Yes indeed. But are data are weak (often as few as 3 batches). When we try MVN the MCMC has trouble. But this point is well taken.

Re: “weakly informative priors”
Good point. We will tighten our priors.

Re: “Why discount the old data?”
Old data comes from different (but similar) products. Regulators (FDA) do not trust that old data are 100% exchangeable. We use scientific arguments to justify similarity but quantification is always subjective here. So we hedge - discount. Time series is an interesting approach - need to look into that.

Re: “This depends on what you’re trying to cross-validate”
This makes me think. Our process is longitudinal (independent measurements over time) not time series. We want to use loo as a metric for how well we can predict the measurements on future batches of product A, given early measurements on a few batches of product A and much more prior information about many more batches from related products B, C, D,… I guess I need to know the proper way to construct log_lik so the resulting loo does what we want.

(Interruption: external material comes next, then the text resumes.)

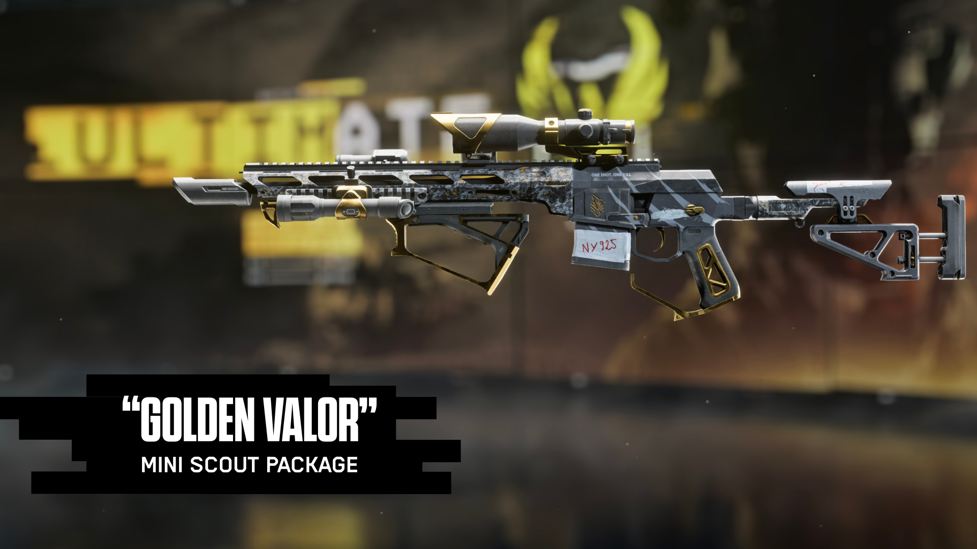 Tier 02: "Golden Valor" Mini Scout Package: A weapon styled for the unshakeable combatant who has earned their stripes.
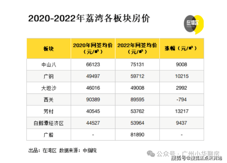 广钢新城2020年均价4.95万/㎡,2022年均价5.97万/㎡,2年涨幅1.02万/㎡,年均涨幅达10%!涨幅领跑荔湾各板块!

Please forgive the crude way I’m responding. Have not learned all the Forum tricks…

Re:“I’m not sure what you mean here [ how to estimate the log_lik].”
Attempt to clarify my ignorance: The likelihood in our model block includes data from our target batch (A) as well as (discounted) data from prior batches (B,C,D,…). But I felt the log_lik created in the generated quantities should only include contributions from target batch (A) data since we want loo to measure how well we can predict future measurements from batch A (not from batches B,C,D…). Does that make sense?

Re: “I find it easier to work with maximizing expected log predictive density (ELPD)”
OK. We can switch to ELPD then. Thanks.

Re: “You will probably get better behavior with a non-centered parameterization”
Thank you for that and for the example code. I will try NCP. Currently we have do have convergence issues, funnels, and maybe that will fix those. Very cool vectorization!! :-)

Re: “leave future out paper”
Thanks for the link to this paper. I will read up on this and be better off!! Thanks again Bob!!

Sorry for not seeing this sooner, but yes, you can treat the earlier data as part of the prior.

Thank you Bob. This forum has really been very helpful to me!!

Thanks, Dave